Dans le document Ontologies du risque (Page 90-95)

Puisqu'il est question du caractère indésirable d'une manifestation pour un agent, les désirs de cet agent sont le type d'état subjectif que je vais analyser. En effet, si un agent désire quelque chose, ce qui est désiré par cet agent est probablement désirable pour cet agent. Le désir d'un agent pour quelque chose serait donc une condition suffisante pour que cette chose soit désirable pour cet agent. Ce que signifie l'énoncé « X désire que p », où X est un agent et p est une proposition qui décrit un état de choses, doit cependant être clarifié pour maintenir cette position.

Les désirs sont des entités mentales que l'on retrouve notamment en psychologie. Dans le modèle standard en psychologie, l'action d'un agent est expliquée par les raisons qu'a cet agent d'agir de cette manière ; les raisons en question sont les désirs et les croyances de cet agent (Hausman, 2011, 113). Ce modèle trouve des appuis en philosophie chez Davidson (1963), selon qui la cause d'une action d'un agent est une raison. Dans le modèle standard en psychologie, les désirs et les croyances sont des attitudes propositionnelles. Ainsi, les désirs et les croyances d'un agent sont exprimés par des énoncés tels que « X désire que p » et « X croit que p », où X est cet agent et p est une proposition. L'action q d'un agent, dans ce modèle, est expliquée par la conjonction de son désir que p et la croyance que q est un moyen efficace pour que p se manifeste.

Dans le cas d'un désir, la proposition p décrit un état de choses (Schroeder, 2017, 17). Certains philosophes en concluent que les désirs sont toujours des désirs pour des états de choses. Cependant, les propositions qui expriment le désir d'un agent laissent parfois entendre que c'est un objet plutôt

qu'un état de choses qui est désiré par cet agent, par exemple dans l'énoncé « Nora désire du thé ». La distinction entre objet et état de choses est ici importante. En effet, un état de choses et la représentation d'un état de choses sont des entités plus complexes qu'un objet et la représentation d'un objet. Un objet est une seule entité, tandis qu'un état de choses est un ensemble d'entités liées par différentes relations.

Peut-on désirer des objets ? Considérons l'exemple proposé par Schroeder (2017) : l'énoncé « Nora désire du thé » indique que c'est un objet, du thé, qui est désiré par Nora. Toutefois, on peut supposer que le désir de Nora serait satisfait par un seul de ces quatre états de choses, bien qu'ils soient tous différents7 :

• Nora possède du thé mais n'en boit pas prochainement. • Nora possède du thé mais n'en boit jamais.

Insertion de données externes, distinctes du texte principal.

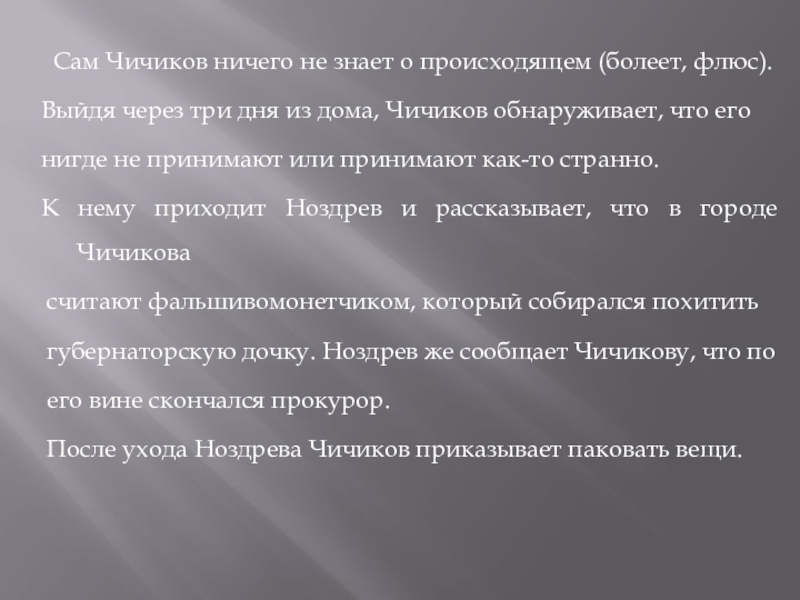 Сам Чичиков ничего не знает о происходящем (болеет, флюс).
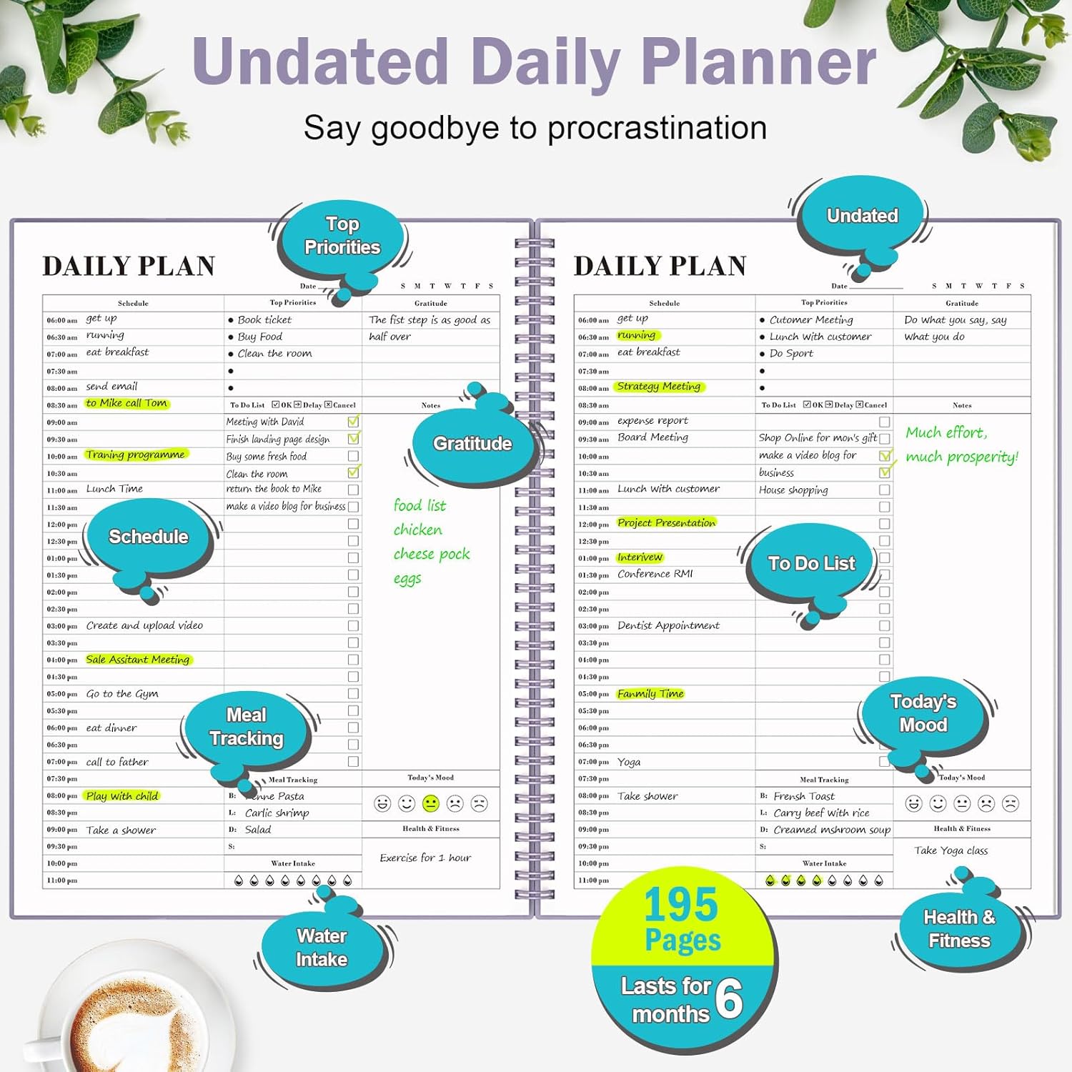 - Get Closer to Your Goals: This undated planner empowers you to track every appointment, set and achieve your top goals, and tackle tasks efficiently. Whether you're a business professional, college student, or teacher, this organizer planner is the perfect companion to help you do more, achieve more, and save valuable time.

• Nora boit du thé prochainement. • Nora boit du thé un jour.

Pour déterminer quel état de choses satisfait le désir de Nora, le sens de l'énoncé « Nora désire du thé » doit être précisé à l'aide d'un énoncé dans lequel cet état de choses est clairement indiqué. Ceci suggère selon Schroeder qu'un désir est toujours un désir pour un état de choses. Les états de choses, tel qu'indiqué plus haut, sont décrits par les êtres humains à l'aide de propositions. Les animaux non humains ne maîtrisent pas le langage et ne peuvent donc pas décrire les états de choses à l'aide de propositions. Doit-on en conclure que les animaux non humains n'ont pas de désirs ?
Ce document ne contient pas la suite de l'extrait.